蓝丝闷哼了一声,向我道:“我也无法估计你此去会有甚么凶险,我会尽量在外接应,师父……已经……”

她说到此处,顿了一顿,才道:“怎能再帮她办事?”

我心中有一个怪诞之至的想法,可是没有说出来,我想的是,猜王大师的头,可能还活著,那就一样能帮公主办事!

蓝丝显然知道我在想甚么,她摇头:“我从来也没听说过降头师可以有这样的本事!”

田活嘶叫了起来:“快去见她吧!”

我深深吸了一口气,见到了“她”之后,会有甚么样的结果,太不易测了,是以我也不免大是紧张。

蓝丝安慰我:“若一切都和师父有关,我想不会有太坏的结果!”

我对猜王大师,自然也有信心,可是问题是猜王大师自身难保,自己也成了无头之尸!

我、田活和那两个壮汉上了车,蓝丝仍然驾她的摩托车,一直跟在我们车子的后面,那两个壮汉的神情,颇是惶惑不安。

不多久,已经转入迈向皇宫的道路,田活不断在问:“到了没有?到了没有?”

等到到了皇宫的外栏,车就停下,另外有两个人走向前来,那两人先向跟在车后的蓝丝走去,和蓝丝讲了几句话,才向我们走来。

只见蓝丝的神情,又惊又喜也向我们走来,两个壮汉下了车,换了新来的两人,蓝丝却打开车门,坐到了我的身边。我问:“她也请你去?”

蓝丝点头道:“是!”

我大是高兴  我心中紧张,实在是由于我对降头术一无所知之故,如今有了蓝丝这个大行家同在,自然大可放心。

田活也很高兴:“她肯多见见人,大是好事。”

新来的两个人中的一个,驾车直进宫门,但驶不多久,又换了两个人,如是者换了五班人,已经深入皇宫之内。

如果我被蒙著眼的话,自然不知身在何处,但如今却十分清楚。

等到车子停在一幢建筑物之前,又有两个人迎了上来,那两个人向我们车子行礼,我看出,他们实际上,是在向蓝丝行礼。
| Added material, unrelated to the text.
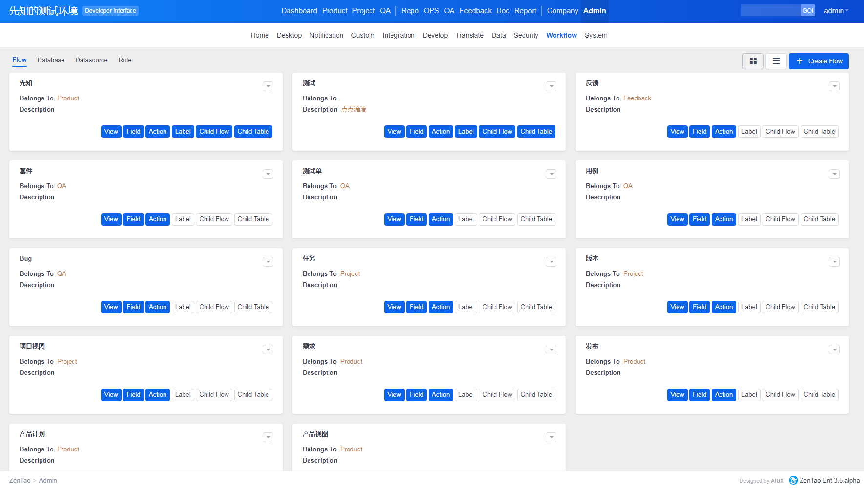 ZenTao Enterprise 3.5.alpha has been released! This release is mainly to integrate the workflow feature which can be customized.

蓝丝先下车,那两人向蓝丝说了几句话,我却听不懂,那肯定是降头师之间的蜜语。

蓝丝神色严重,点了点头,我和田活也下了车,由那两人带路,向内走去。

我悄声问蓝丝:“怎么样?”

蓝丝也悄声答:“她在等我们。”

一进门,就是一道很阴暗的走廊。那走廊尽头,有一盏明灭不定的灯,映得在走廊中走动的人,人影闪忽,很是幽秘。

蓝丝是在我和田活的前面,我看到她全神贯注的样子,也特别戒备。

一直来到走廊的尽头,没有甚么事发生,到了尽头,带我们来的两人推开了一道门,道:“三位请自己进去。”

我向内看去,里面又是一道走廊,更加阴暗。

我一路把经过了甚么地方,说给田活听,田活也现出了很是讶异的神情,道:“以前,我和她见面虽然是在宫中,但是见面的所在,很是正大光明,不像你所说的那么隐秘。”

他虽然看不见,可是用的形容词,却很恰当,我们经过之处,有说不出的味道,用“不正大光明”来形容,真是再好没有。

我们三人,走进走廊,那门就在我们身后,自动关上。

向前看去,走廊尽头处,影影绰绰,像是站著一个人。

那人的身型,看来并不高,还见不清他的脸面,只见他向我们挥了挥手,道:“你们过来!”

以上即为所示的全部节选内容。